● **Aim of the exercise**: Leave the pictures in the listing below aside and reproduce exactly the lines starting with the one with "作為大型零售企業的Targe" and going on through the one with "Исходя из клинической", both ends included.

● **Exercise data**:
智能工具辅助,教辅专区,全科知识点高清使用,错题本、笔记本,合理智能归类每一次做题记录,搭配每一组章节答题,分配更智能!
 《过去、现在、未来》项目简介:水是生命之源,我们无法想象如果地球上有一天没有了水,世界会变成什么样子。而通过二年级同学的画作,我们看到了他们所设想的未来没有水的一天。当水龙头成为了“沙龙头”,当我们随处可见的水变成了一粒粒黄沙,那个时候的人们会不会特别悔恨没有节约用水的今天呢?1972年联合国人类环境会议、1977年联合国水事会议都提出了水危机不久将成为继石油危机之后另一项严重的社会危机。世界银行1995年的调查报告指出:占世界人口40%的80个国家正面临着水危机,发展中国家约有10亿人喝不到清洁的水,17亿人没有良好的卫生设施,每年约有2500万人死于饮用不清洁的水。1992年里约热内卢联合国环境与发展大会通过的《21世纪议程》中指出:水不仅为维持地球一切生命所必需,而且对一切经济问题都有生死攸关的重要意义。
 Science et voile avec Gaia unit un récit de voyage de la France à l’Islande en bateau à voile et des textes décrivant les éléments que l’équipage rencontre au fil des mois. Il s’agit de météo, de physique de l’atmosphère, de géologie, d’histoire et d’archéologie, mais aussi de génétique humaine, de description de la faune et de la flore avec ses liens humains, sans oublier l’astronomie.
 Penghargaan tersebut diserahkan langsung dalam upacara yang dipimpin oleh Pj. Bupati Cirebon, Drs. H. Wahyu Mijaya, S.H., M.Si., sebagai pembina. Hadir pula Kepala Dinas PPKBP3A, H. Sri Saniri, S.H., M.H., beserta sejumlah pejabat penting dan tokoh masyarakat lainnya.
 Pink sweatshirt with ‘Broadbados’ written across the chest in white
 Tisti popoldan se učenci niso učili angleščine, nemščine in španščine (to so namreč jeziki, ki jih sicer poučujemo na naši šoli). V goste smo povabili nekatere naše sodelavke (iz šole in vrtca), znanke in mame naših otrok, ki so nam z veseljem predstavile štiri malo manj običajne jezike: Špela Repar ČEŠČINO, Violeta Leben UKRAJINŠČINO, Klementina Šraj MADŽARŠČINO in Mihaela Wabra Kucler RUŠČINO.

* * *

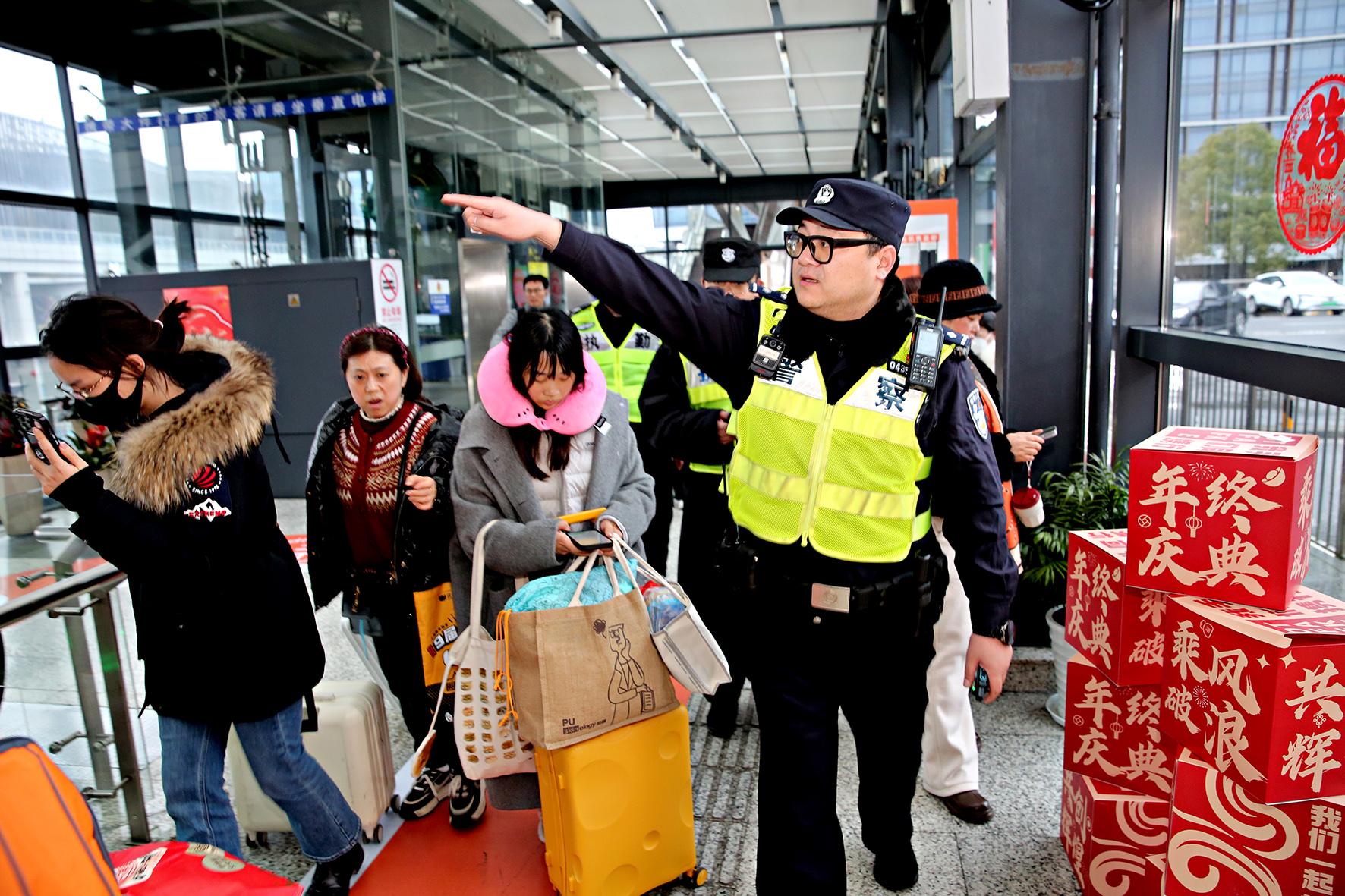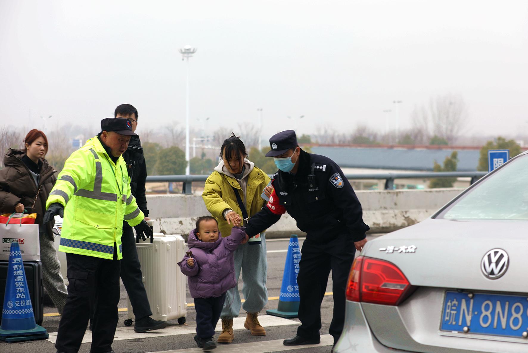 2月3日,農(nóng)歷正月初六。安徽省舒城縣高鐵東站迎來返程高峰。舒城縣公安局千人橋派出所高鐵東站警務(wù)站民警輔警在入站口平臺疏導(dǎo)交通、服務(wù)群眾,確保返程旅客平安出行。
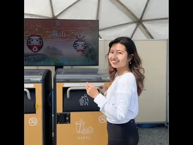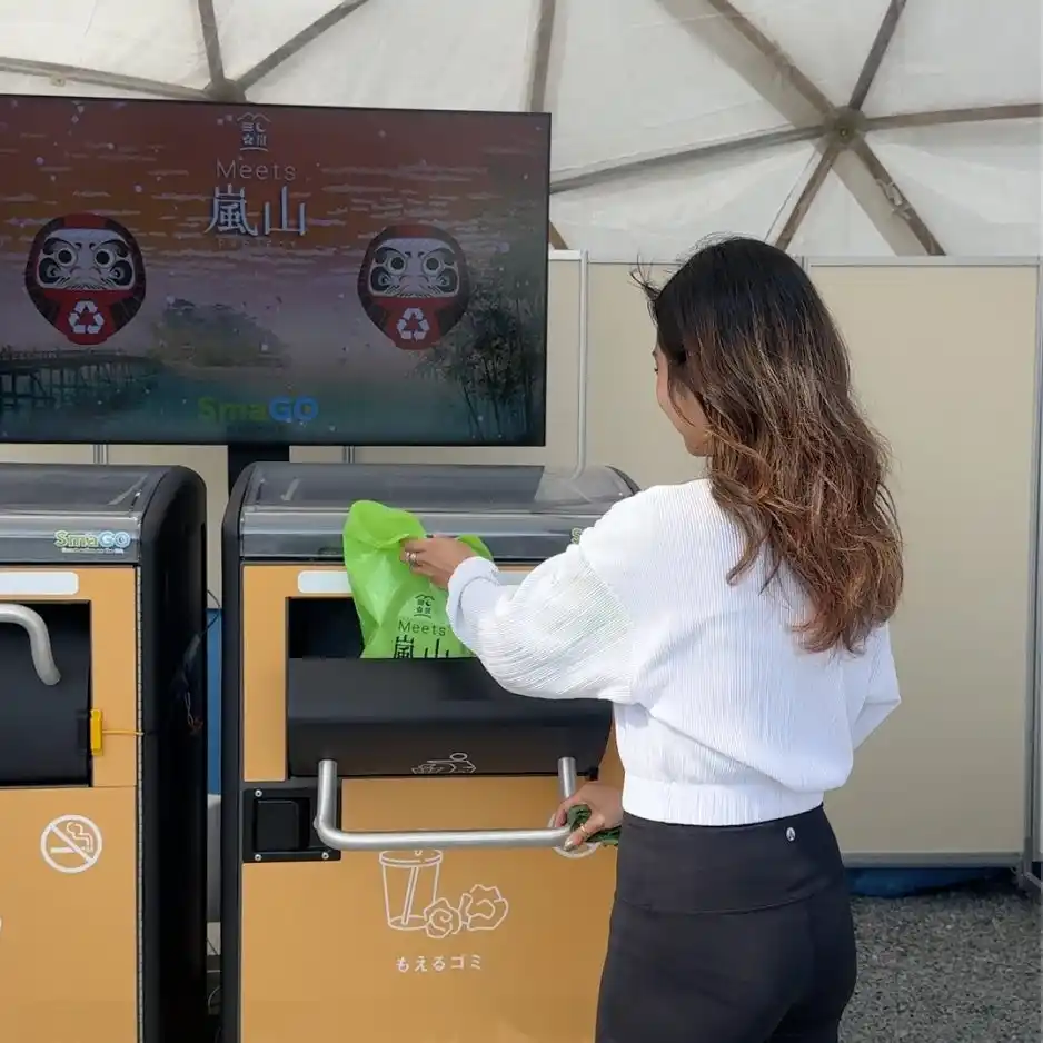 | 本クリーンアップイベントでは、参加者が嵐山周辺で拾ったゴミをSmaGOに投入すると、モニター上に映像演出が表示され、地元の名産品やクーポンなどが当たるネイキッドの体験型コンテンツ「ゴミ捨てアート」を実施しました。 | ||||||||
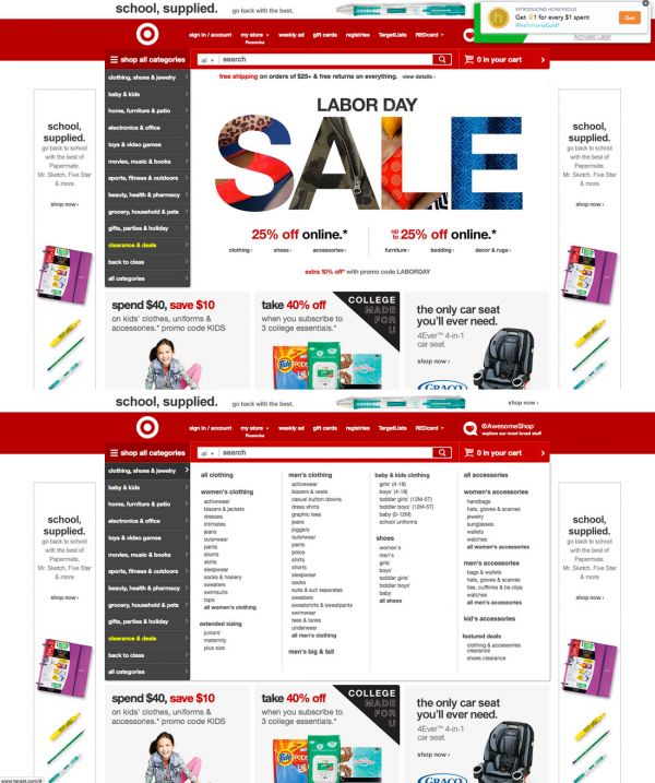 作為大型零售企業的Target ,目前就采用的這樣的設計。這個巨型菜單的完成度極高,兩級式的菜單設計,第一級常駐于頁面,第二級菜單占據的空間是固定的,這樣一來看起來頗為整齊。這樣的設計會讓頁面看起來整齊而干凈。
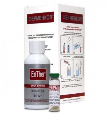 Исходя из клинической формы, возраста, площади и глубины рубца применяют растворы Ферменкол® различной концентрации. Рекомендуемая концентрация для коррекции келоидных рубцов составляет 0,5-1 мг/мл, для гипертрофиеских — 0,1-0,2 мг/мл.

● **Reply to the task**:
 作為大型零售企業的Target ,目前就采用的這樣的設計。這個巨型菜單的完成度極高,兩級式的菜單設計,第一級常駐于頁面,第二級菜單占據的空間是固定的,這樣一來看起來頗為整齊。這樣的設計會讓頁面看起來整齊而干凈。
 Исходя из клинической формы, возраста, площади и глубины рубца применяют растворы Ферменкол® различной концентрации. Рекомендуемая концентрация для коррекции келоидных рубцов составляет 0,5-1 мг/мл, для гипертрофиеских — 0,1-0,2 мг/мл.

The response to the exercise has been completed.